Retype exactly the span of lines below from the one with "5월 13일자 <한국일보>에도" through the one with "Wohnfläche: ca. 88,80m²". Do not include pictures.
- - -
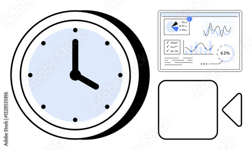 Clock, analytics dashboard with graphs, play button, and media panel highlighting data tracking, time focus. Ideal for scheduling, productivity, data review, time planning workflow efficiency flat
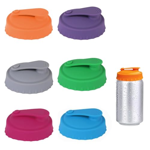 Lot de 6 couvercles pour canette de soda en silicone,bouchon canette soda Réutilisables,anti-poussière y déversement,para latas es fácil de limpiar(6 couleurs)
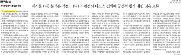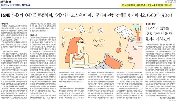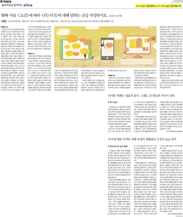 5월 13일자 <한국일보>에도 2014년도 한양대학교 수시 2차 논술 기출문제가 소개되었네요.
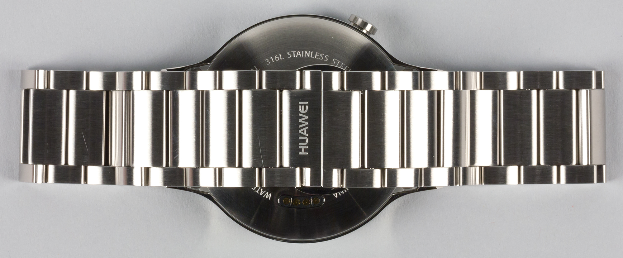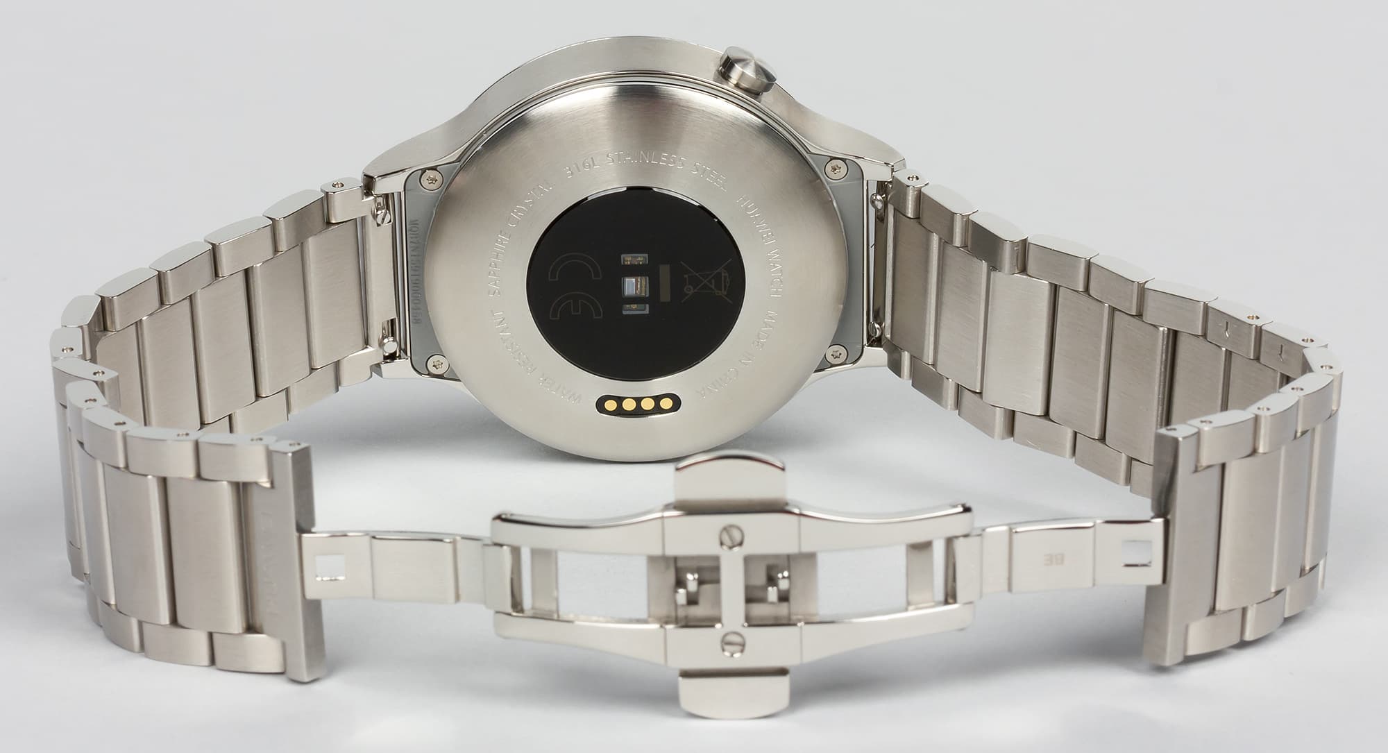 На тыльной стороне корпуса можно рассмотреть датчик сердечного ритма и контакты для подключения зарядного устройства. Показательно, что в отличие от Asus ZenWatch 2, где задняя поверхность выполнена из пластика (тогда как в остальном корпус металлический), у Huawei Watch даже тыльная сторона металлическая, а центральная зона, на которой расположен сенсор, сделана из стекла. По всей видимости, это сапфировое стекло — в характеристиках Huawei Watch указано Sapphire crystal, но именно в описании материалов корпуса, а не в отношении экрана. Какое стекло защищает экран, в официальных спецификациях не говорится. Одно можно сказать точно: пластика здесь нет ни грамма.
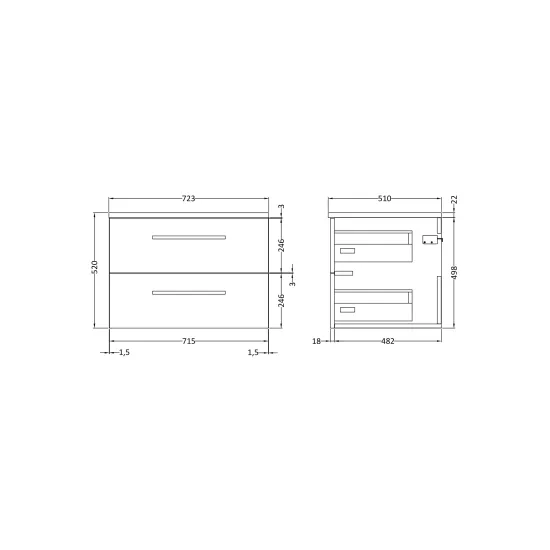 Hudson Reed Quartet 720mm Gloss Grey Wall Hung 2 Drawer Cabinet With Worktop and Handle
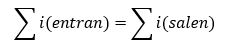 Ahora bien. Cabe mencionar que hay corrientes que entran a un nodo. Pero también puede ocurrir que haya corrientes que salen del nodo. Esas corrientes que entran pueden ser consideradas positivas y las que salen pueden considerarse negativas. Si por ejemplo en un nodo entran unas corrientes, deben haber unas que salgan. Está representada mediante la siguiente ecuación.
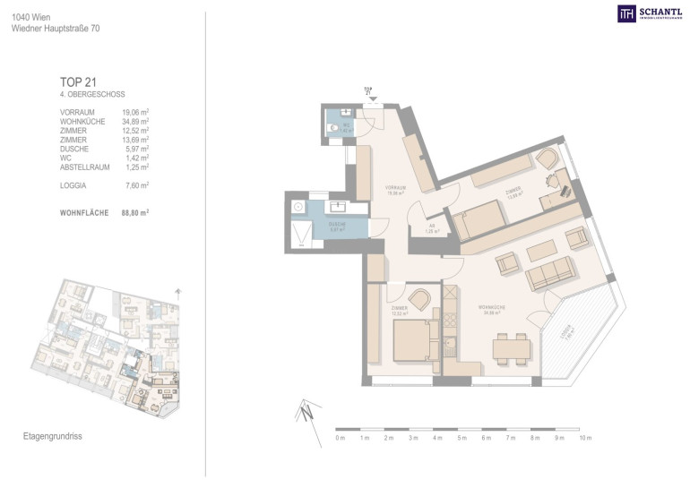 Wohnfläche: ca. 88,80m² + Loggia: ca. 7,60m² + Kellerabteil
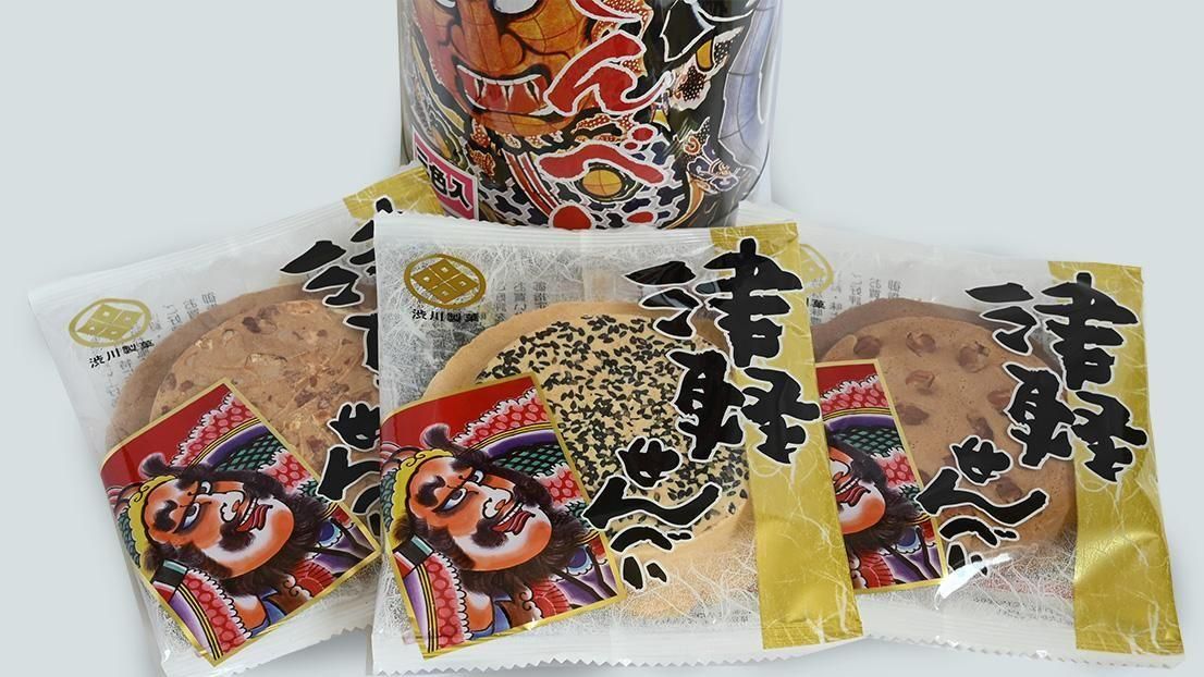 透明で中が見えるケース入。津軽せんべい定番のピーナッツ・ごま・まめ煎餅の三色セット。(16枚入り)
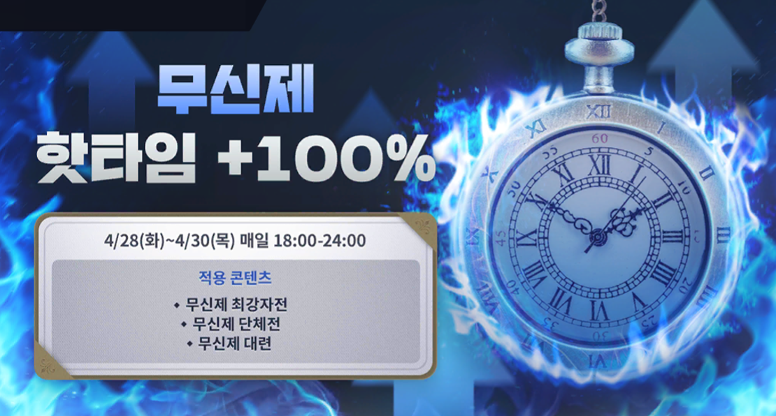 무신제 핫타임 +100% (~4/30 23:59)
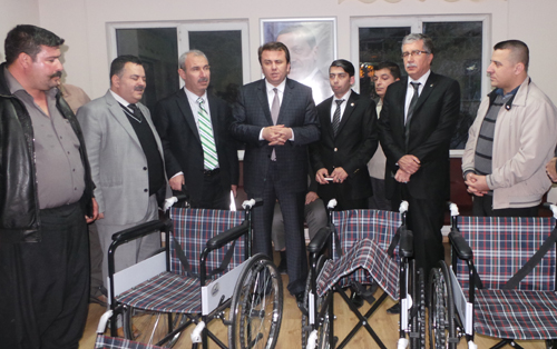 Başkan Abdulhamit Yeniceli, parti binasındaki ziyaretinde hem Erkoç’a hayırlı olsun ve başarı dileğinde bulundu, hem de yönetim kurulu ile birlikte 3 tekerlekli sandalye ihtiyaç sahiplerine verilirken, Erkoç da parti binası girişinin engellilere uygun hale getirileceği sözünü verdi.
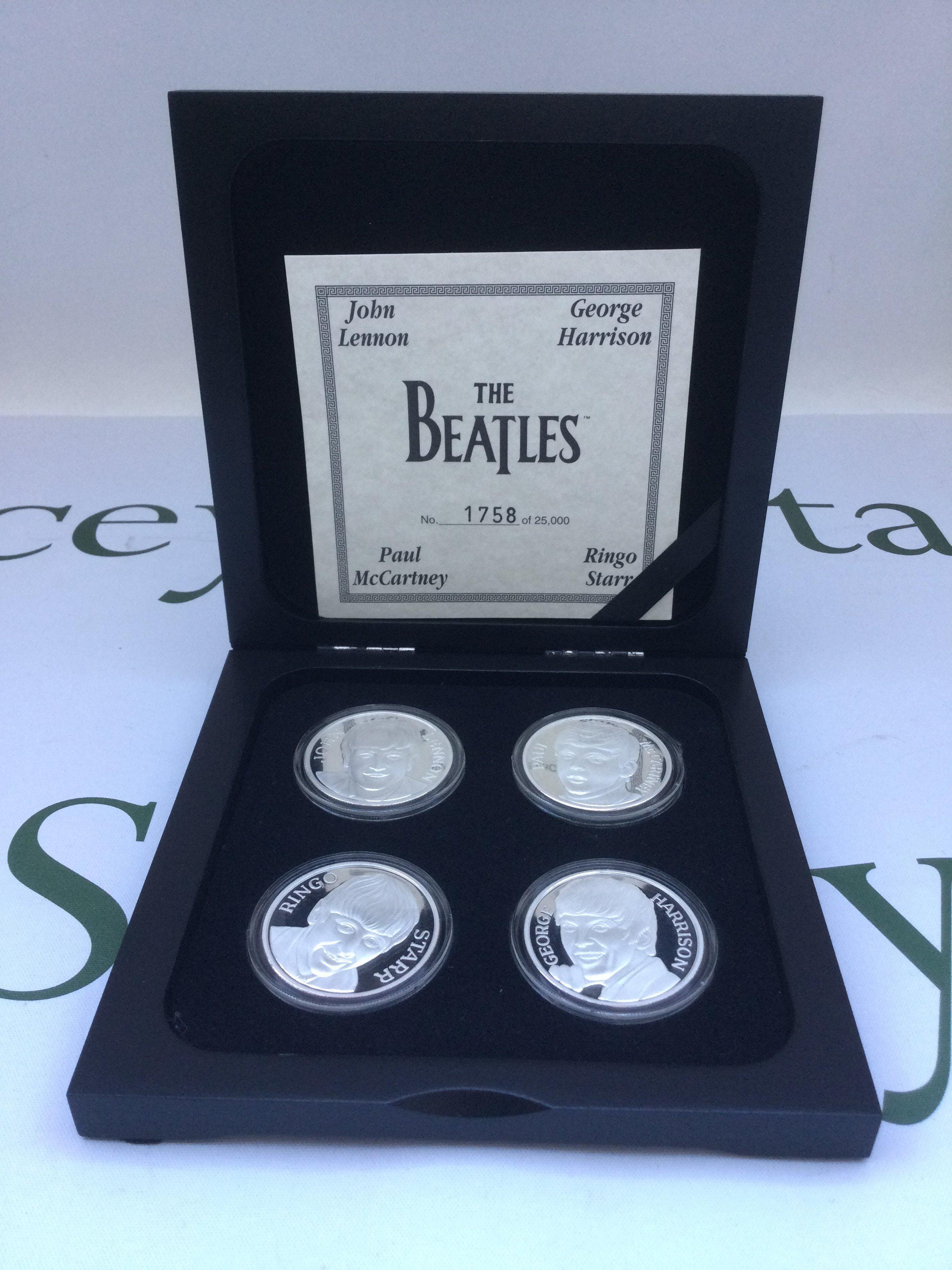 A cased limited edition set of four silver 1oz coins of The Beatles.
- - -
### SOLUTION TO THIS EXERCISE
 5월 13일자 <한국일보>에도 2014년도 한양대학교 수시 2차 논술 기출문제가 소개되었네요.
 На тыльной стороне корпуса можно рассмотреть датчик сердечного ритма и контакты для подключения зарядного устройства. Показательно, что в отличие от Asus ZenWatch 2, где задняя поверхность выполнена из пластика (тогда как в остальном корпус металлический), у Huawei Watch даже тыльная сторона металлическая, а центральная зона, на которой расположен сенсор, сделана из стекла. По всей видимости, это сапфировое стекло — в характеристиках Huawei Watch указано Sapphire crystal, но именно в описании материалов корпуса, а не в отношении экрана. Какое стекло защищает экран, в официальных спецификациях не говорится. Одно можно сказать точно: пластика здесь нет ни грамма.
 Hudson Reed Quartet 720mm Gloss Grey Wall Hung 2 Drawer Cabinet With Worktop and Handle
 Ahora bien. Cabe mencionar que hay corrientes que entran a un nodo. Pero también puede ocurrir que haya corrientes que salen del nodo. Esas corrientes que entran pueden ser consideradas positivas y las que salen pueden considerarse negativas. Si por ejemplo en un nodo entran unas corrientes, deben haber unas que salgan. Está representada mediante la siguiente ecuación.
 Wohnfläche: ca. 88,80m² + Loggia: ca. 7,60m² + Kellerabteil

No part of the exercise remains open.